Hintergrundinformationen
Für die repräsentative Umfrage hat das Institut für Demoskopie Allensbach 1.007 Personen ab 16 Jahren befragt. Die Interviews wurden im Zeitraum zwischen dem 3. und 18. April 2023 geführt.
Wie geht es mit der betrieblichen Altersversorgung und Riester weiter?
Das Dilemma der betrieblichen Altersversorgung (bAV) umriss Asmussen folgendermaßen: „Fast alle wollen die bAV weiter ausbauen. Nur über das Wie wird noch gerungen. Ihre Verbreitung tritt aktuell auf der Stelle. Bei der Verbreitungsquote herrscht Stillstand“. Um diesen lähmenden Stillstand wenigstens bei der Riester-Rente zu beenden, hat die Bundesregierung eine so genannte Fokusgruppe gegründet.
Was ist die Fokusgruppe und welche Ziele verfolgt sie?
Das Bundeskabinett hat am 30. November 2022 dem Beschluss Fokusgruppe private Altersvorsorge zugestimmt. Die Fokusgruppe soll bis Sommer 2023 zum einen die Möglichkeit eines öffentlich verantworteten Fonds prüfen, der Altersvorsorgenden ein nicht verpflichtendes, kostengünstiges und effektives Angebot zur privaten Altersvorsorge unterbreitet. Zum anderen soll die Fokusgruppe die Möglichkeit einer gesetzlichen Anerkennung privater Produkte prüfen, die eine höhere Rendite erzielen, als auf Basis bisheriger Riester-Verträge möglich ist.

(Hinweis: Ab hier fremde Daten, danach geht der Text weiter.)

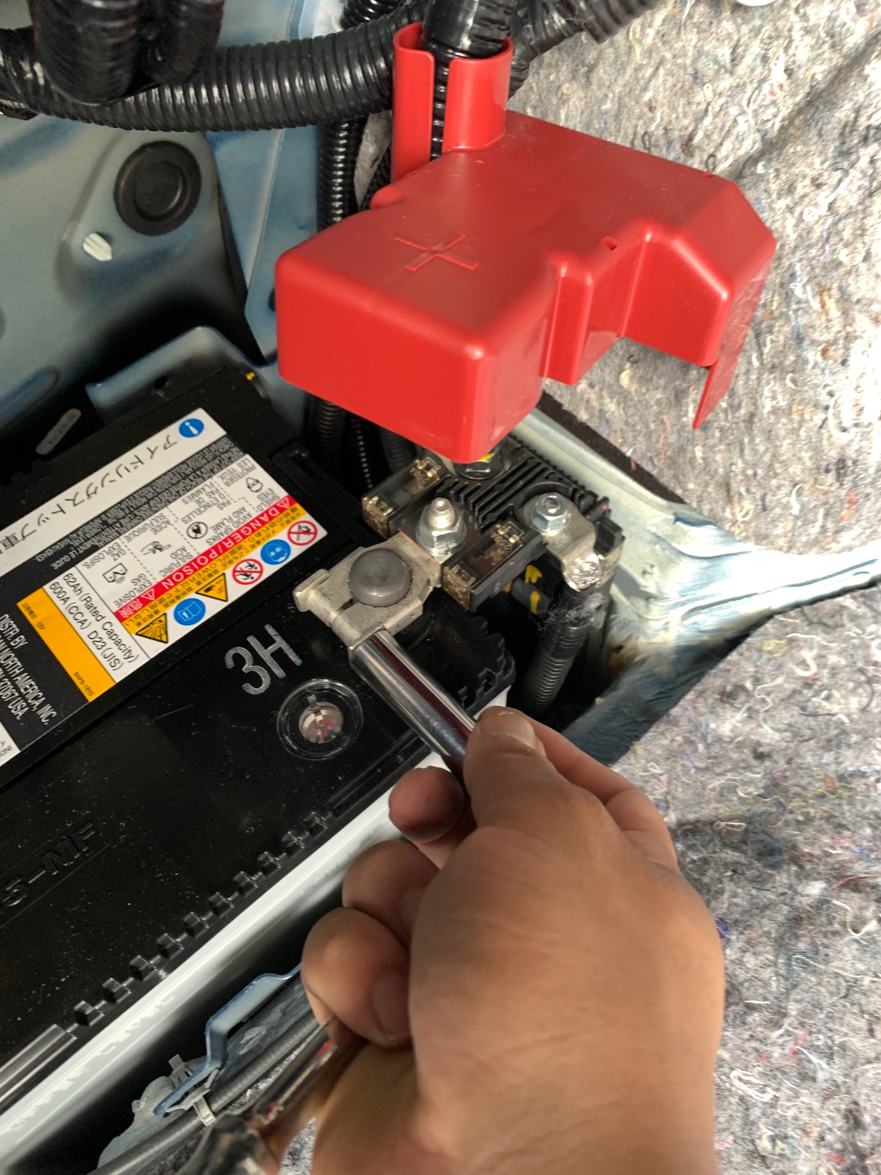 次はバッテリーの端子を外していきます

Neben dem Bundesministerium der Finanzen, dem Bundesministerium für Arbeit und Soziales und dem Bundesministerium für Wirtschaft und Klimaschutz gehören der Fokusgruppe unter anderem Vertreterinnen und Vertreter der Anbieterverbände, des Verbraucherschutzes, der Sozialpartner und der Wissenschaft an.
Vertreterinnen und Vertreter von der Deutschen Bundesbank, der Bundesanstalt für Finanzdienstleistungsaufsicht und der Deutschen Rentenversicherung Bund können als ständige Gäste teilnehmen. Darüber hinaus können Vertreterinnen und Vertreter des Bundeskanzleramts an den Sitzungen der Fokusgruppe teilnehmen.
Die Fokusgruppe tagt vertraulich. Aus diesem Grund konnte und wollte Jörg Asmussen keine näheren Details zum Stand der Verhandlungen der Gruppe liefern.
De la Vinja ergänzte noch: „Wir stehen weiterhin zum 5-Punkte-Plan der Politik zur Riester-Rente. Riester ist seitens des Vertriebes und der Verwaltung sehr komplex. Auch hier sollen die Prozesse vereinfacht werden, so dass die diesbezüglichen Kosten gesenkt werden.“ Am 26. Juni wird die Gruppe voraussichtlich wieder tagen.
Provisionsverbot: Ja, nein, vielleicht
Ein wichtiges Thema bei der GDV-Presserunde war auch das Provisionsverbot. Die GDV-Spitze zeigte sich optimistisch, dass die EU-Kommission morgen wahrscheinlich von einem generellen Provisionsverbot Abstand nehmen wird. „Wenn dies morgen so kommt, ist dies sicher ein Erfolg, der auch auf die Bemühungen des GDV zurückzuführen ist“, zeigte sich Asmussen überzeugt.
Morgen um die Zeit wissen wir vielleicht schon mehr.